## The Problem I Am Having I'm using QEMU to virtualize Spectrum OS (https://spectrum-os.org). I'm finding that QEMU is very slow (data transfer rates of 30MiB/s or so) and uses a lot of CPU (300-400% or thereabouts). `top` inside the VM shows low CPU usage, so I suspect that most of the CPU using is from QEMU itself.
## QEMU configuration
I'm using the following script to run QEMU (on NixOS).
It's a bash script with an odd #! that ensures that all dependencies are
available.
#!/usr/bin/env nix-shell
#! nix-shell -i bash -p qemu_kvm btrfs-progs weston
set -euo pipefail
case $0 in
/*) cd "${0%/*}/";;
*/*) cd "./${0%/*}";;
*) :;;
esac
case $1 in
install)
if [[ "$#" != 3 ]]; then echo "Usage run.sh [install
install_media|run] root" >&2; exit 1; fi
install_image=$2
shift 2
unset b
dir=$(mktemp -d)
mkdir -- "$dir/tmp" "$dir/home"
rm -rf -- "$dir"
;;
run)
if [[ "$#" != 3 ]]; then echo "Usage run.sh [install
install_media|run] root writable" >&2; exit 1; fi
shift
b=1
unset install_image
exec
;;
*) echo "Bad action (must be install or run)" >&2; exit 1;;
esac
f=$(type qemu-system-x86_64)
case $f in
('qemu-system-x86_64 is /nix/store/'*/bin/qemu-system-x86_64)

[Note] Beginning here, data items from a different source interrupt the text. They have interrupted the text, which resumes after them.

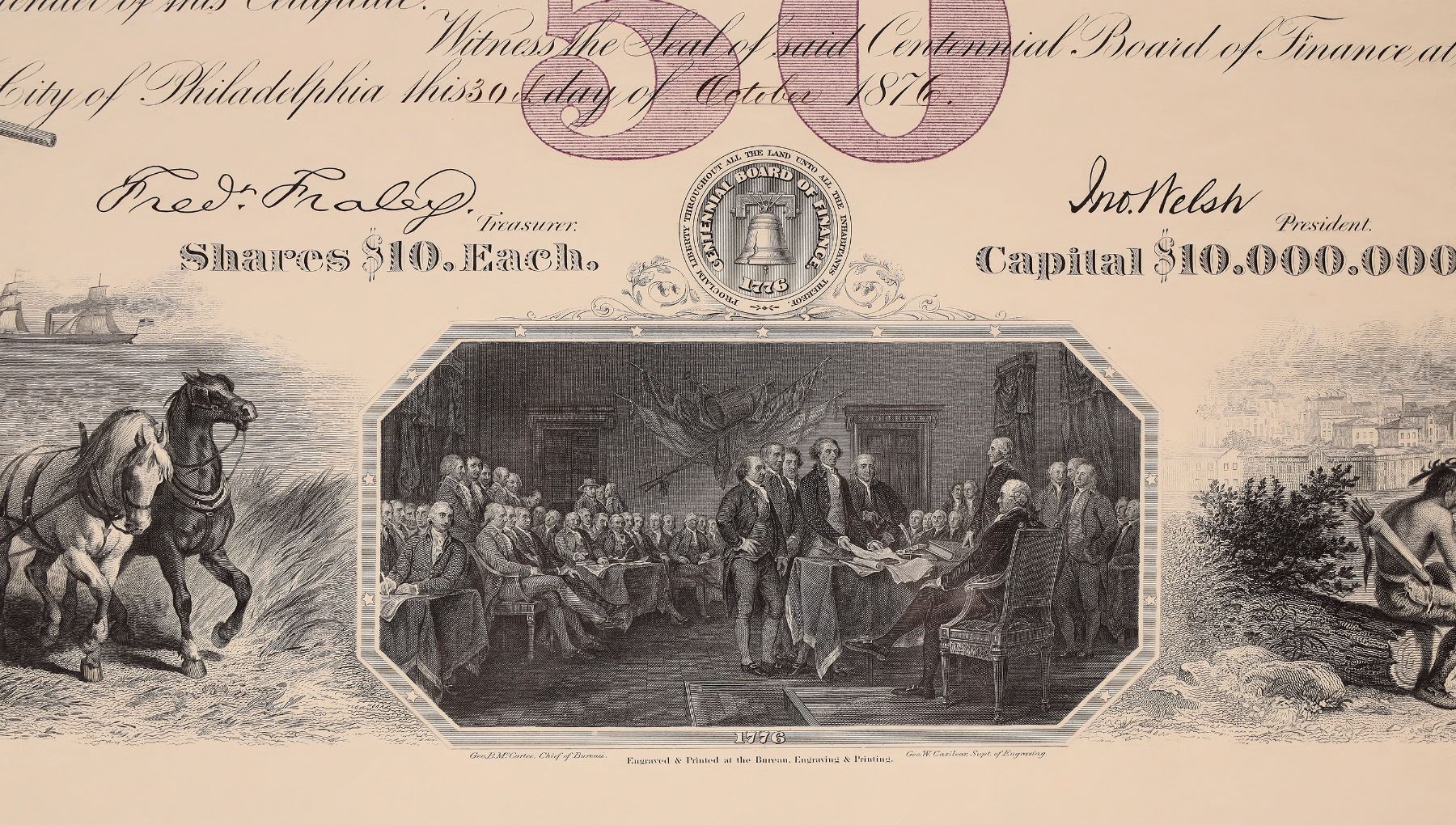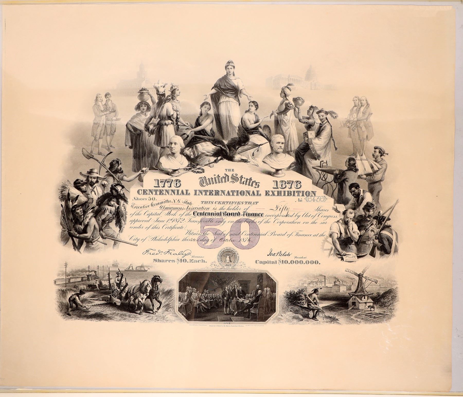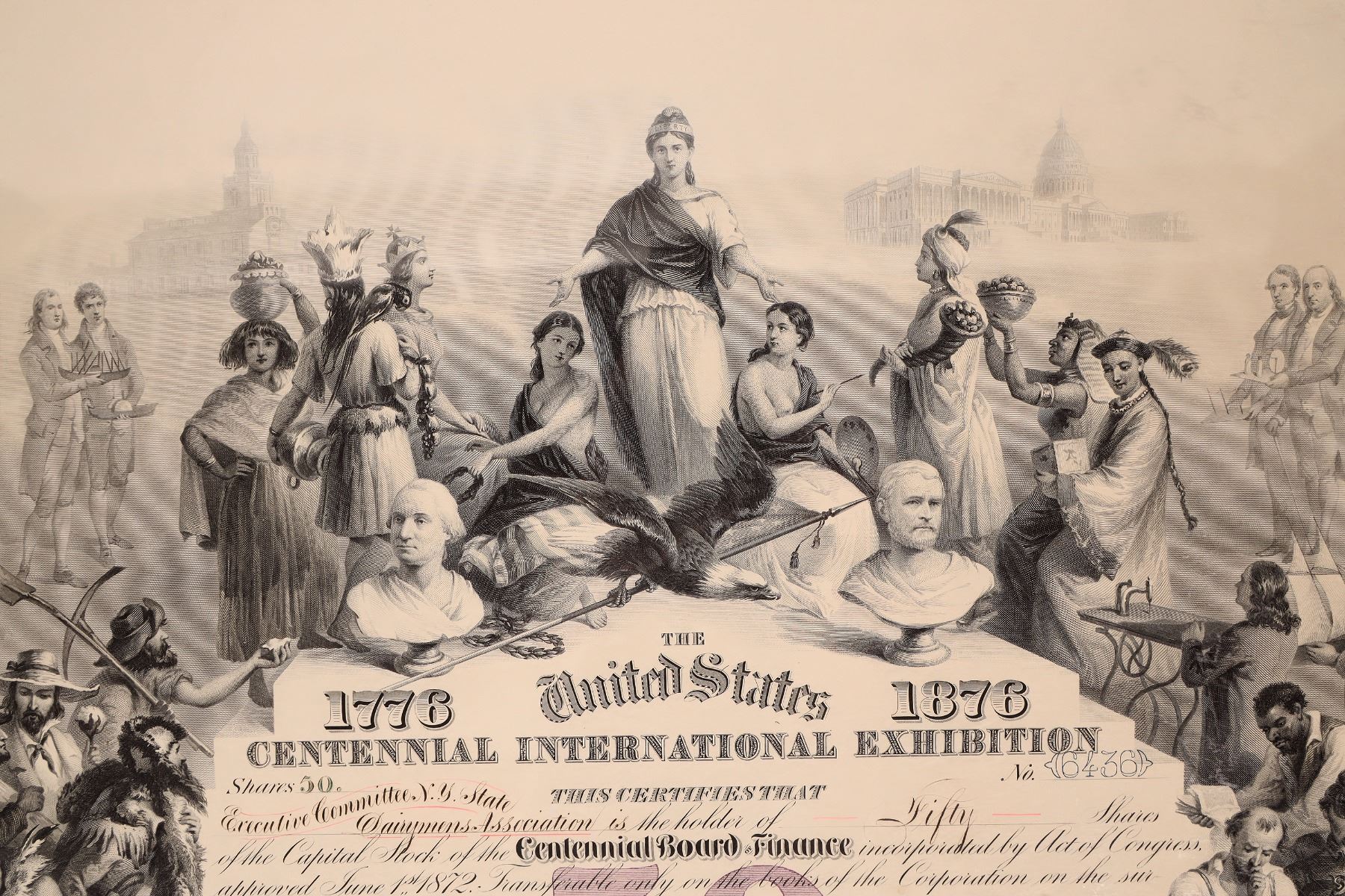 United States Centennial International Exhibition stock certificate, issued to The Dairymen Association for 50 shares at $10 per. It's dated October 30, 1876. It's signed by treasurer Fred Fraley and president, John Welsh. Vignettes include various historic events and people, as well American Indians and an apparent Greek figure overlooking the scene. A very rare piece in very nice condition. Please see photos for more details.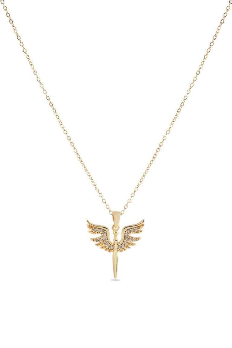 Kırmızı Taşlı Kanatlı Melek Figürlü Gold Renk Çelik Kolye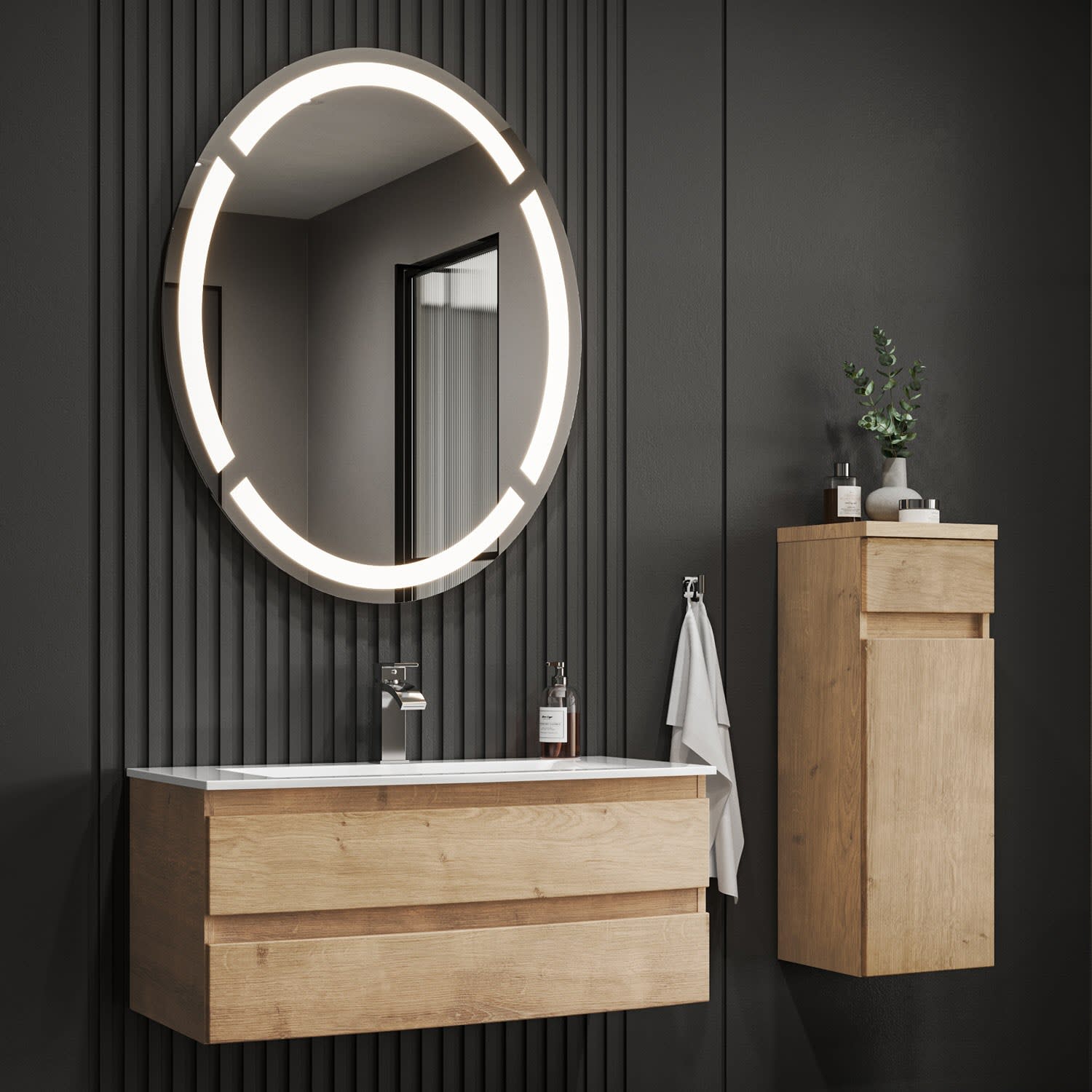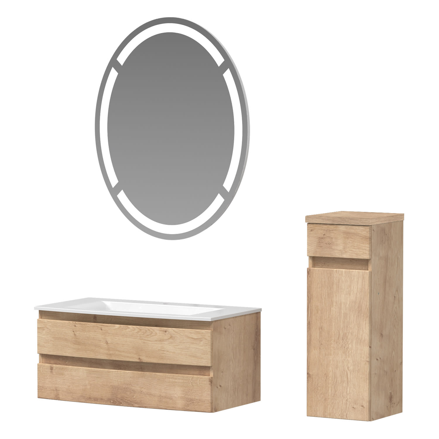 Puris Vora Badmöbel-Set 91,2 cm inkl. Flächenspiegel oval, Highboard mit Wäschekippe

p=${f#'qemu-system-x86_64 is '}
p=${p%/bin/qemu-system-x86_64}/share/qemu/edk2-x86_64-code.fd
;;
(*)
printf 'Not able to find qemu-system-x86_64\n' >&2
exit 1
;;
esac
cpus=$(exec nproc)
DISPLAY=
if ! [[ "$XDG_RUNTIME_DIR" =~ ^/run/user/(0|[1-9][0-9]*)$ ]]; then
echo Bad XDG_RUNTIME_DIR>&2
exit 1
fi
qemu_args=(
-m 4G
-cpu max
-smp "$cpus"
-machine q35,accel=kvm,kernel-irqchip=split,pflash0=firmware
-blockdev
"driver=raw,node-name=firmware,file.driver=file,file.filename=${p//,/,,},read-only=on"
)
if [[ -v b ]]; then
qemu_args+=(
-device intel-iommu,intremap=on,device-iotlb=on
-device pcie-root-port,id=pcie.1
-device
virtio-net-pci,ats=on,iommu_platform=on,bus=pcie.1,netdev=net0,disable-legacy=on,disable-modern=off
-netdev
"stream,addr.path=${XDG_RUNTIME_DIR//,/,,}/passt/passt.sock,addr.type=unix,id=net0,server=off"
)
fi
qemu_args+=(
-device qemu-xhci
-device virtio-gpu
-device usb-tablet
-parallel none
-sandbox on
-vga none
-boot menu=on
-smbios
'type=11,value=io.systemd.stub.kernel-cmdline-extra=console=ttyS0
systemd.debug_shell=ttyS0'
-device "virtio-blk-pci,drive=drive2${b+,bootindex=1}"
-blockdev
"driver=raw,node-name=drive2,file.driver=file,file.filename=${1//,/,,},cache.direct=off,file.aio=io_uring"
-display
gtk,full-screen=off,gl=on,grab-on-hover=off,show-tabs=on,zoom-to-fit=on
)
if [[ -v install_image ]]; then
qemu_args+=(
-device
'usb-storage,drive=drive1,removable=true,bootindex=1'
-blockdev
"driver=raw,node-name=drive1,file.driver=file,file.filename=${install_image//,/,,},read-only=on,cache.direct=on,file.aio=io_uring"
)
else
qemu_args+=(
-device 'virtio-blk-pci-non-transitional,drive=drive3'
-blockdev
"driver=raw,node-name=drive3,file.driver=file,file.filename=${2//,/,,},cache.direct=off,file.aio=io_uring"
)
fi
exec qemu-system-x86_64 "${qemu_args[@]}"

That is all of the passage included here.